Forward Stretch / Zheng Ya Tui
Place one foot on a wall or ledge or somewhere higher up and rest one heel against it. The standing foot should point forwards towards the surface, while the stretching foot should be flexed and pointing back towards the head. Though your weight is on the standing leg, you should be leaning slightly towards the stretching leg. Both legs must be straight.
To stretch, lean back and forth slowly with your back straight towards the stretching leg. This simulates a front kick. For beginners, this must be done very gently. The first milestone is to raise your foot above your head. As you progress, try touching your forehead to your leg, preferably the shin. You should feel the stretching mainly in your hamstrings, the tibialis posterior, and the gastrocnemius (the muscles behind your shins).
As you advance, take note that your hip must not be turned outward and that your whole body should face the wall. To understand this posture, aim to touch your toe to your forehead, and then your nose, and finally your chin. At this stage, if your leg is extended far over your head, then your hip is not facing completely forward. Adjust your leg and this will marginally minimise the height of your stretching leg.
Side Stretch / Ce Ya Tui
Place one foot on the wall or somewhere higher up at your side and rest one heel against the wall. The standing foot should point in the direction you are facing while the stretching foot should again be flexed upwards and pointing back towards your head. Though your weight is on the standing leg, you should be leaning slightly towards the stretching leg. Both legs must be straight.
Like the Forward Stretch, lean back and forth slowly with your back straight towards the stretching leg, but make sure your shoulders remain perpendicular to facing wall. Keep your leg behind your shoulders and arms as you do this. Again aim to raise your foot above your head as a starting point. This stretch mainly focuses on the inner thighs, but also again affects the tibialis and the gastrocnemius.
For advanced martial artists, place your inside arm on your stretching foot’s heel or sole and pull the toes upward toward your head. At the same time, reach with your opposite arm over your head to touch or hold your stretching foot.
Back Stretch / Hou Ya Tui
With your back to the wall and a sturdy chair in front of you, lean forward on the chair and extend one leg backward so that it rests comfortably on the wall or ledge. The standing foot should point in the direction you are facing while the stretching foot is pointed backward such that the top of the leg is in contact with the wall. While the standing leg is straight, the stretching leg can bend slightly depending on comfort.

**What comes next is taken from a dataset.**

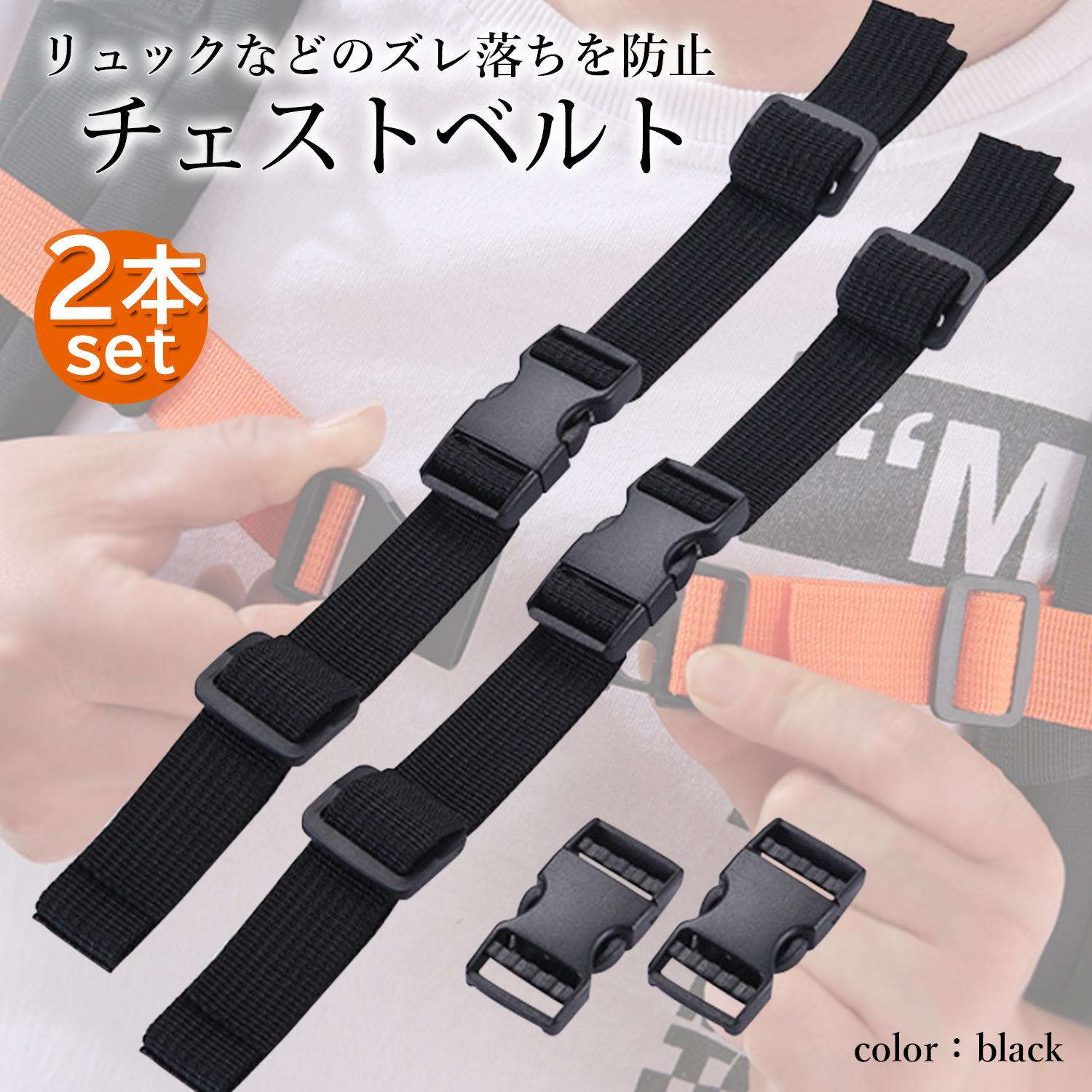 チェストベルト ブラック チェストストラップ リュックベルト 2個セット ランドセル ズレ落ち防止 ずり落ち防止 サイズフリー ((S

To stretch, try raising your body up and down using your arms without moving your legs. For more advanced martial artists, try leaning backwards toward the wall. It is important to remember to keep the hips down, i.e. the hips should be parallel to the ground. To understand this posture, try looking over your left shoulder while stretching the right leg and vice-versa. You should feel the stretching in several places including your lower back, the quadriceps on the raised leg, and the hamstrings on the standing leg.
How Far Should I Go?
Ideally, each stretch on each leg should be done for approximately 3-5 minutes, though they should all be done for at least 1 minute each. Essentially, you should only feel that you are stretching and have no pain. For beginners, it is normal to feel sore after stretching, as this denotes your body is stiff. Advanced trainees may not feel this soreness but should not push themselves to over-stretch. Like most things, flexibility follows the rule of diminishing returns, that highly flexible martial artists will take longer and more training to see improvement. As you become more comfortable stretching at a certain height, you should definitely try to go to the next level. Remember to warm up thoroughly before stretching.